▶ _Required action_: In the material below, pictures must be dropped. Repeat exactly, and only, the lines from the line with "The structure of" to the line with "ज्योति सोनी ( लोकप्रिय", both ends included.

▶ _Record extracts_:
---------------

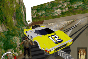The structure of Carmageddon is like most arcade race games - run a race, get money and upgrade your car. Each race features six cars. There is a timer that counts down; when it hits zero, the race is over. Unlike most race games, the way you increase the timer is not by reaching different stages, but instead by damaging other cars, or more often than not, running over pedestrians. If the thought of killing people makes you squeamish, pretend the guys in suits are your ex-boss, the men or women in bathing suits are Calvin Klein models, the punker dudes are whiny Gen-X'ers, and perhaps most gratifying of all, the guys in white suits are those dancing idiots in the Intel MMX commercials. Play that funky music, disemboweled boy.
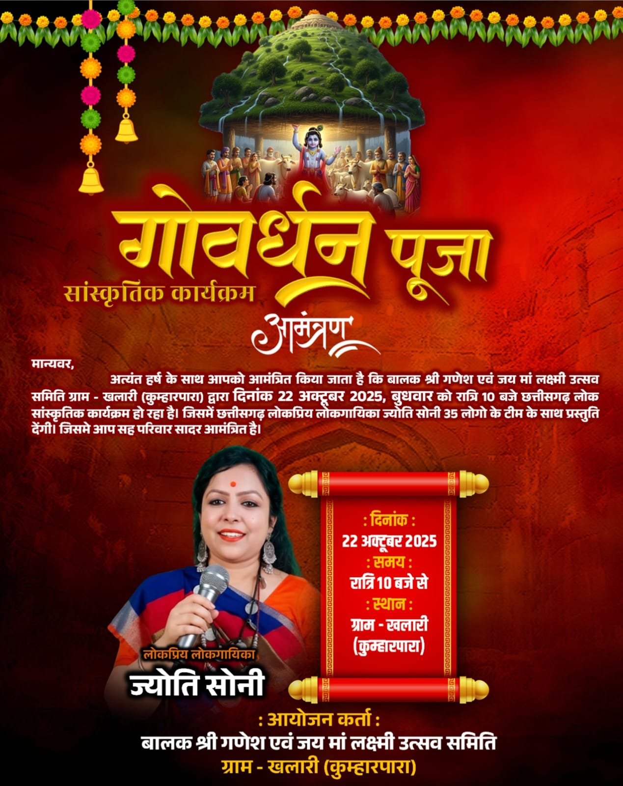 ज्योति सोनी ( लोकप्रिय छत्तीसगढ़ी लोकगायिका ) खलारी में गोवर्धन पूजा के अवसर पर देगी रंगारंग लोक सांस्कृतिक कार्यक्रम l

---------------

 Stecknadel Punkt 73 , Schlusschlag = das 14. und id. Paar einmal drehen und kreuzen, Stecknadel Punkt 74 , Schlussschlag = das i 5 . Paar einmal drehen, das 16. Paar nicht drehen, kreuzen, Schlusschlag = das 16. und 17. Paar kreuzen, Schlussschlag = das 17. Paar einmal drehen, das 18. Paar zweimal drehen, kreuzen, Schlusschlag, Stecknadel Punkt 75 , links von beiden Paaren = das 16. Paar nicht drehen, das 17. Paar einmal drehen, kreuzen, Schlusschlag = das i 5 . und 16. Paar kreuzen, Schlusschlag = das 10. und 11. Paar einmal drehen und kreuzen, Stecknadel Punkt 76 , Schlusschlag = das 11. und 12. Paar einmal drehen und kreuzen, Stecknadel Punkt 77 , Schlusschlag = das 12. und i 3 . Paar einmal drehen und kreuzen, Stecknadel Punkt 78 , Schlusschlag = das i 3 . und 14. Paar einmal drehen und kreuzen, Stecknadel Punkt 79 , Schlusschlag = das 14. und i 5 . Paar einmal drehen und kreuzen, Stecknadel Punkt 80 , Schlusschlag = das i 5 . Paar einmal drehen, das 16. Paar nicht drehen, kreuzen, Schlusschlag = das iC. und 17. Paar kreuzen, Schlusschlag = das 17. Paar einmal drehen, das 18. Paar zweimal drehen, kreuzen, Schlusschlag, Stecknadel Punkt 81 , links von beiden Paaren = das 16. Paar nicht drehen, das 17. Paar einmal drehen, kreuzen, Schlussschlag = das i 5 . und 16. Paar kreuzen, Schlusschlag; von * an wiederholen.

---------------

▶ _Output of the task_:
The structure of Carmageddon is like most arcade race games - run a race, get money and upgrade your car. Each race features six cars. There is a timer that counts down; when it hits zero, the race is over. Unlike most race games, the way you increase the timer is not by reaching different stages, but instead by damaging other cars, or more often than not, running over pedestrians. If the thought of killing people makes you squeamish, pretend the guys in suits are your ex-boss, the men or women in bathing suits are Calvin Klein models, the punker dudes are whiny Gen-X'ers, and perhaps most gratifying of all, the guys in white suits are those dancing idiots in the Intel MMX commercials. Play that funky music, disemboweled boy.
 ज्योति सोनी ( लोकप्रिय छत्तीसगढ़ी लोकगायिका ) खलारी में गोवर्धन पूजा के अवसर पर देगी रंगारंग लोक सांस्कृतिक कार्यक्रम l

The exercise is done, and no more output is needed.